А последний? Да ничего хорошего. Весь какой-то залежалый, пыльный. Сальные волосы, схваченные аптечной резинкой, несвежий воротничок мутно-бежевой рубашки, мешковатые брюки, давно не чищенные ботинки. Очки. На одной дужке намотана синяя изоляционная лента.

Выбирать, собственно, было не из кого. Пришлось выходить из вагона безнадежно свободной.

Неделю прожила у мамы. Вдруг перестал звонить Володя — вероятно, в праздничные дни семейный надзор усилился…

Я много читала, утаптывала вместе с Хвостом выпадавшие обильно снега, по вечерам часами пропадала в черных дырах телевизионных передач, одурманенная иллюзорным рекламным благополучием.

«Tiret» — жидкий сантехник. Пытаюсь представить нашего вихрастого, вечно пьяного сантехника Коляна в жидком виде…

Девица, рекламирующая шампунь, видимо, за неимением душа в квартире, моет голову в мойке для автомобилей…

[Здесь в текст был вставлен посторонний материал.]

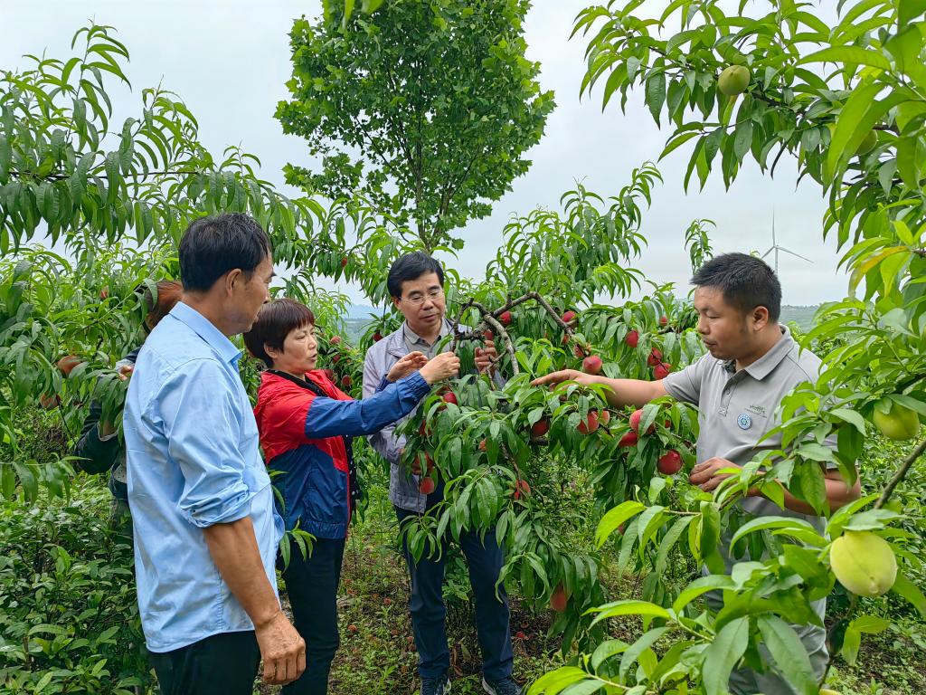 服务队一行首先来到位于光山县马贩镇的观五玫小杂果专业合作社。在合作社理事长易善康的带领下,服务队一行实地查看了桃园的整体扩建规模、生产现状。该合作社种植的桃树前期在汪新娥副教授的指导下,采用了石硫合剂涂干、冬季施足有机基肥和菌肥等措施,今年病虫果大幅减少,桃树流胶病也得到了较好的控制,同时由于去年冬季施足了有机基肥和菌肥,使得今年桃树营养较好,桃果产量和品质都得到了明显改善。服务队提出了近期果实采收管理和采收后树体养护的技术措施。
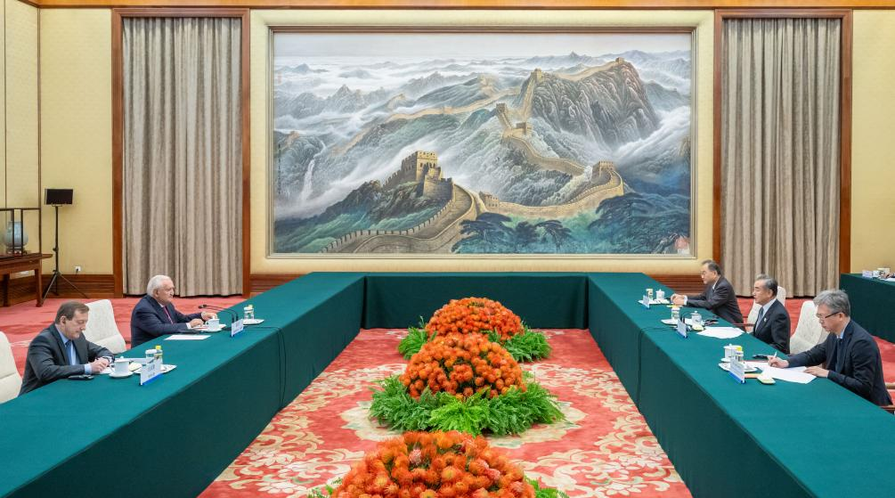 Chinese Foreign Minister Wang Yi, also a member of the Political Bureau of the Communist Party of China Central Committee, meets with Jean-Pierre Raffarin, special representative of French President Emmanuel Macron and former French prime minister, who is in Beijing for the third Belt and Road Forum for International Cooperation, at the Great Hall of the People in Beijing, capital of China, Oct. 19, 2023. (Xinhua/Zhai Jianlan)
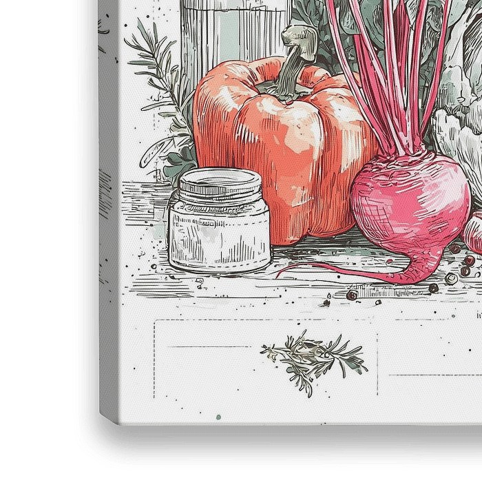 Koop de illustratie aquarel in schetsstijl, kookposter van Ariadna de Raadt-Goldberg op canvas, aluminium dibond, (ingelijste) fotoprint, behang en ArtFrame, op maat geprint in Fine-Art kwaliteit.
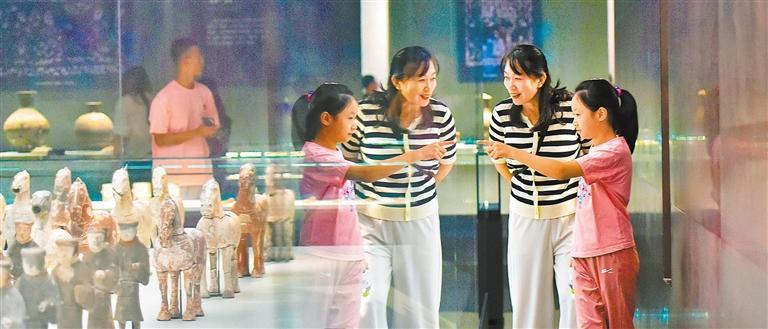 10月5日,山东省青州博物馆,游客在参观展品。王继林摄(中经视觉)

Парнишка с дебильным доверчивым лицом делает вклад в банк и надеется получить большие проценты. Наивный. Это во время кризиса-то.

Пошловатые деды Морозы танцуют в одних трусах и призывают скупать всю технику подряд. Новогодняя эротика для скучающих, подсевших на наркотики сериалов, домохозяек.

А бывает, в метро скосишь глаза в книжку соседа или соседки и прочитаешь такое: «Макар дерзко полез ей под юбку. Она бессильно опустила голову ему на плечо и почти не сопротивлялась…» или «Он знал, что, пока не убьет этих двоих гадов, не сможет жить дальше. Их смерть стала делом его жизни». Часто вспоминаются слова Философа Иваныча об утрате чувства подлинности, а вместе с ним и чувства реальности. Вот оно, современное жуткое счастье молодого, дерзкого Макара: сначала убить, потом полюбить. И не полюбить даже, а так, слазить под юбку.